Sottolineando che i curdi in Turchia non hanno alcun problema né in quanto elementi costitutivi della nazione turca né in termini di diritti di cittadinanza turca, e che non esiste alcuna discriminazione in merito, Uçum ha dichiarato: "La questione che stiamo combattendo è il progetto imperialista espresso come 'diritto all'autodeterminazione per i curdi', che mira a spingere i curdi verso la ricerca di uno Stato o promette loro uno Stato, con l'obiettivo di dividere la Turchia. Lo Stato ha preso l'iniziativa su questo punto. Condurrà un processo che getterà via questo progetto in tutti i suoi aspetti e dalle radici".

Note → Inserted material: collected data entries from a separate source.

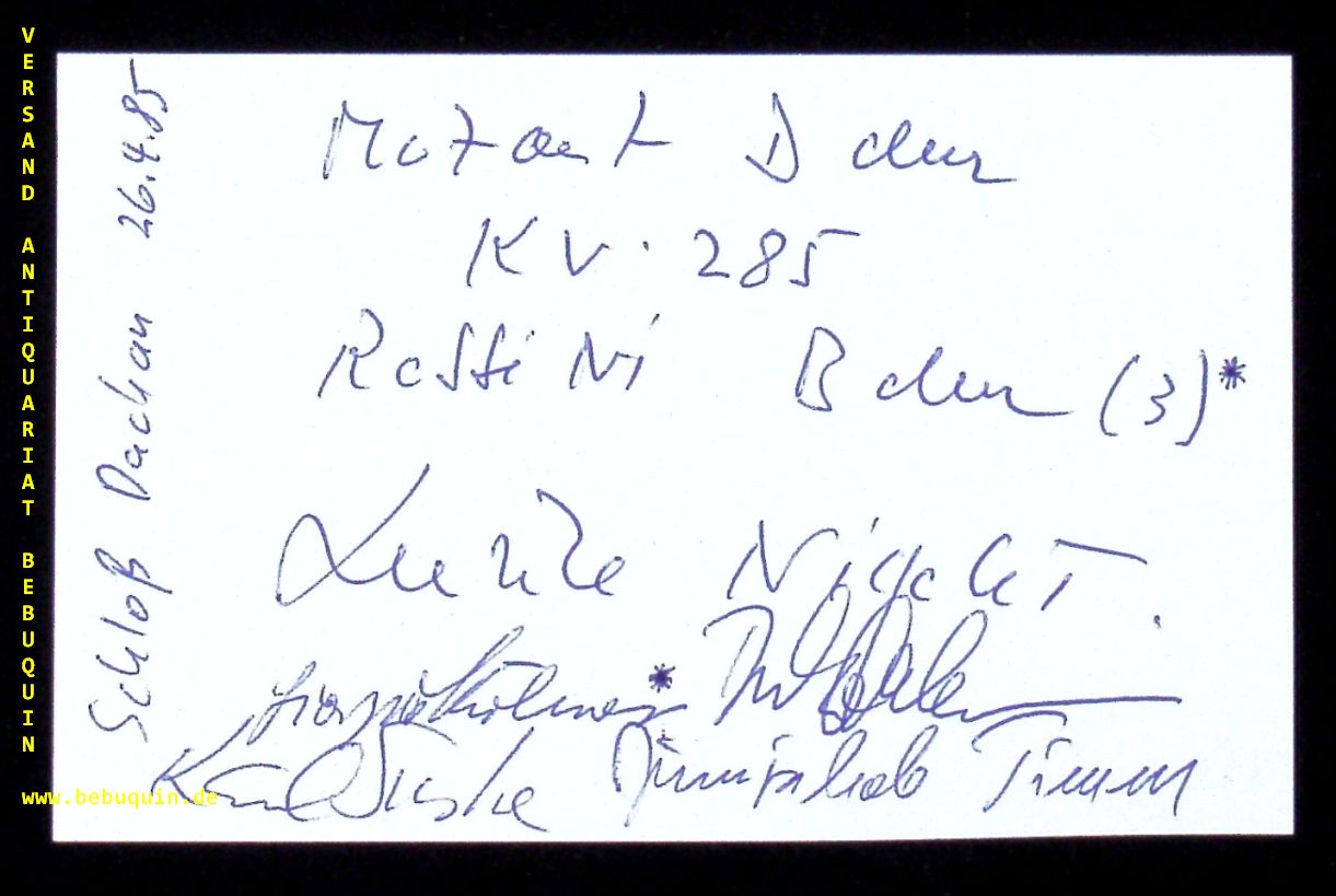 GEWANDHAUS QUARTETT.– NICOLET, Aurele (Flötist) + SUSKE, Karl + KRÖHNER, Giorgio + HALLMANN, Dietmar + TIMM, Jürnjakob. eigenhändig signierte und datierte Autogrammkarte. Dachau (Schloß), 26.4.1985. 8 x 12,5 cm. Karteikarte. Georges Aurèle Nicolet (* 22. Januar 1926 in Neuenburg; † 29. Januar 2016 in Freiburg im Breisgau) war ein Schweizer Flötist. Das Gewandhaus-Quartett (auch: Leipziger Gewandhaus-Quartett) ist ein Streichquartettensemble, das 1808 gegründet wurde. Es war eines der ersten Berufsquartette der Welt. In seiner über 200-jährigen Geschichte oblag ihm die Ehre vieler Uraufführungen. (Wikipedia)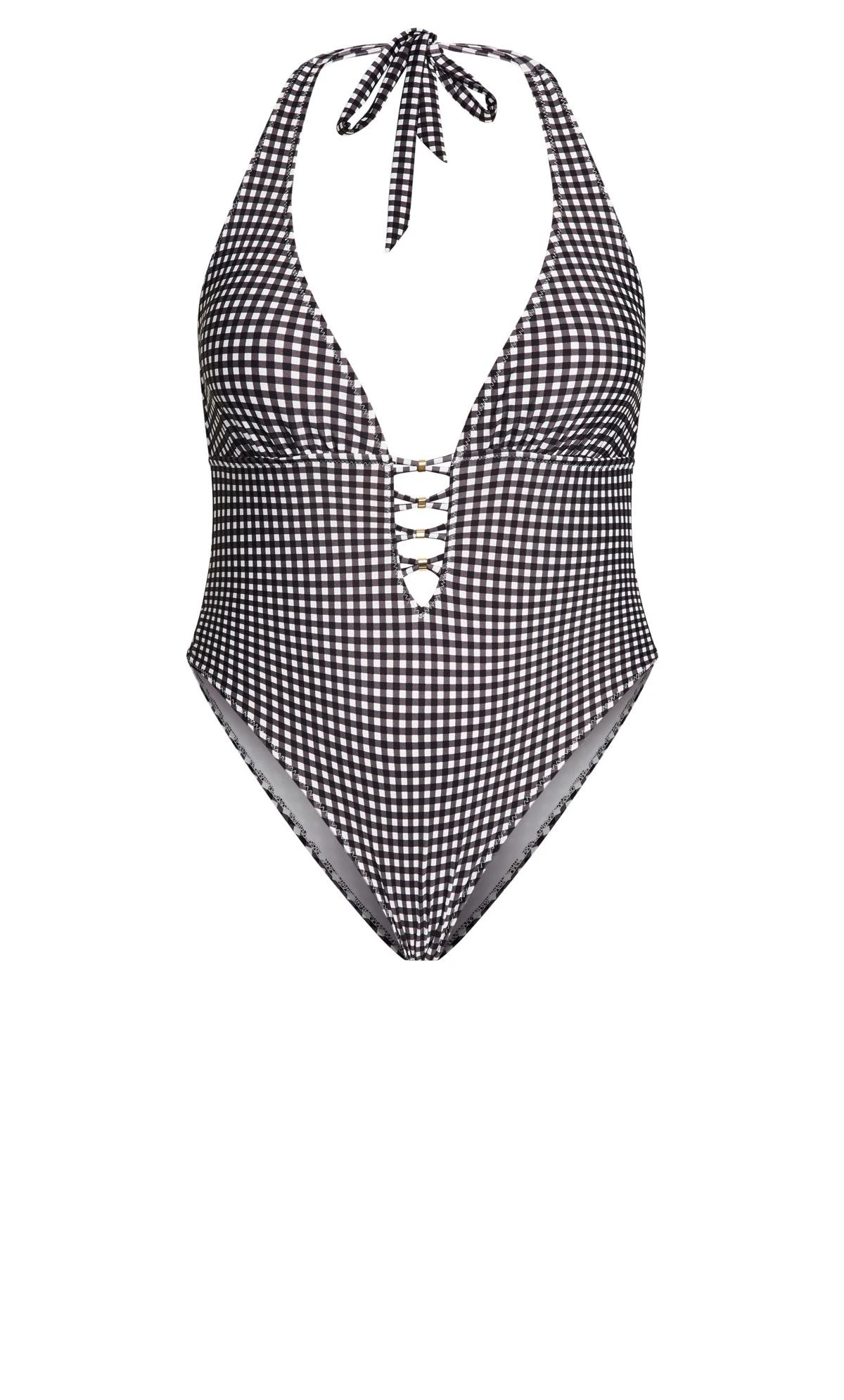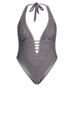 Make a chic statement at the beach with the City Chic Black Gingham Swimsuit. The timeless gingham pattern meets modern design, creating a flattering and stylish look. Dive into confidence and comfort with this must-have swimsuit for your sunny escapades.
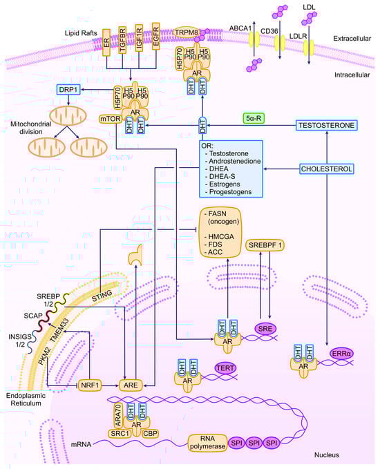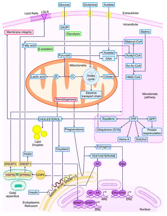 SREBP1 has been implicated in PCa cell proliferation, migration, and invasion. Studies have revealed that an AR/mTOR complex promotes SREBF1 expression and activity, primarily due to the constitutive activation of mTOR resulting from the loss of function of PTEN [79]. Moreover, the AR-SREBP1 axis has been identified, forming a self-regulating interaction between the activation of SCAP by AR and SREBP1, which subsequently increases the expression of AR [80,81]. Androgens are recognized as key activators of SREBPs under both physiological conditions and in steroid-regulated cancers [82]. One form of regulation occurs through the stimulation of SCAP expression [83], leading to a switch in the isoform expression of INSIG [84] and the upregulation of several enzymes involved in fatty acid and cholesterol synthesis under the transcriptional control of AR [13]. Perturbations in cholesterol metabolism have been predominantly identified in high-grade tumors [3]. Correspondingly, the inhibition of fatty acid synthase (FASN) enhances the immune response to castration-resistant PCa cell line tumors and decreases the expression and transcriptional activity of AR and the AR-variant splicing 7, resulting in a better response to hormone treatment [85]. The secretion of cholesterol into the intracellular space is regulated by ATP-binding cassette (ABC) transporters, and data have shown the tissue-dependent regulation of ABC transporters by estrogens, progesterone, and androgens [86].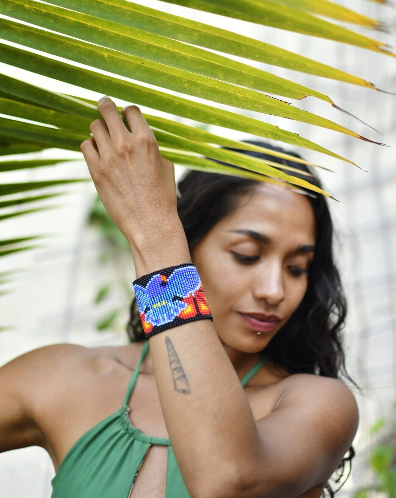 Embrace the triumphant spirit of the brilliant Rising Glory beaded bracelet. Adorn your wrist with the timeless emblem of peace that is the glowing blue dove with its wings gracefully outstretched, as red dahlias burst forth from behind it with passionate intensity. Let this meticulously handcrafted cuff be a poignant reminder that the beauty of nature is boundless and resilient and will triumph over even the darkest moments.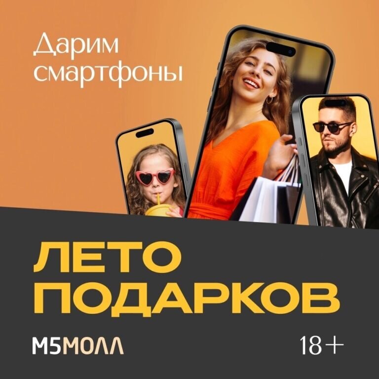 Лето в «М5 Молл» — это не просто жаркое время года, это возможность провести время с удовольствием и пользой. Именно сейчас в ТРЦ проходит акция «Лето подарков». Главные призы — три iPhone 15. У каждого участника летней акции «М5 Молл» есть шанс выиграть предмет своих мечтаний. Для этого нужно совершить всего три действия: •купить товары в магазинах ТРЦ «М5 Молл» на сумму более 5000 рублей; •зарегистрировать чек на стойке информации, заполнив анкету участника; •получить купон и опустить его в барабан на стойке информации. Три участника «Лета подарков» унесут с собой iPhone 15. Итоги «Лета подарков» будут подведены 31 августа в 14:30. Подробности об условиях акции можно узнать по ссылке. Более подробно о мероприятиях и событиях «М5 Молл» можно узнать на официальных страничках ТРЦ в социальных сетях: «ВКонтакте» и Telegram. Реклама: Филиал Компании с ограниченной ответственностью «РЯЗАНЬ ШОППИНГ МОЛЛ ЛИМИТЕД», ИНН: 9909235800 erid: 2VtzqviSmT4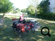 Bereits vor sechs Uhr stehen wir auf und beenden das Packen, was wir gestern Abend begonnen haben. Der Abbau geht leise vonstatten und um kurz nach sieben radeln wir vom Platz.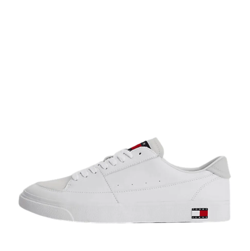 Tommy Hilfiger sneakers i hvid til herre EMOEMO1106YBR. Lækker sneakers i skind fra Tommy Jeans. Modellen har et klassisk hvidt og stilrent design med beige detaljer. Modellen har snøre foran, så du kan justere den efter din fod. Dejlig fleksibel og let sneakers.

"Cosa ci si aspetta dal DEM Parti e dal leader dell'organizzazione terroristica PKK, Abdullah Öcalan, in questo processo?" Alla domanda, Uçum ha risposto così:
"Il nostro Presidente lo ha spiegato ieri, come aveva già detto in passato. Le armi saranno sepolte, le armi saranno deposte e i processi legati alle pratiche terroristiche contro la Turchia saranno terminati. I gruppi armati transfrontalieri, i mercenari e le forze paramilitari che minacciano la Turchia cesseranno di essere una minaccia. Noi vogliamo concretamente questo. Sotto il tetto della Grande Assemblea Nazionale Turca non ci sarà più un partito che fa politica sotto la tutela del terrorismo. O lo realizzeranno con la propria volontà, con le proprie scelte e con le politiche che svilupperanno, oppure, se necessario, verranno prese tutte le misure legali. L'idea che la lotta al terrorismo sia stata sospesa è un'affermazione completamente falsa. Vedete cosa è successo dopo il 1° ottobre. Su quale punto lo Stato ha fatto concessioni? Ha fatto concessioni durante il processo dei commissari, nelle operazioni contro il terrorismo o nella lotta basata sul principio dell'integrità organica con il terrorismo? È andato in Iraq o ha abbandonato la Siria? Nulla di tutto ciò. È un altro problema che queste affermazioni, contrarie alla realtà, sembrino avere un senso. Ciò che vogliamo è molto chiaro: l'obiettivo di una Turchia senza terrorismo, eliminando completamente il terrorismo dalla vita sociale, politica e culturale del Paese. Allo stesso tempo, azzerarlo completamente nella pratica. E adottare misure che possano garantire una sicurezza permanente anche oltre i confini".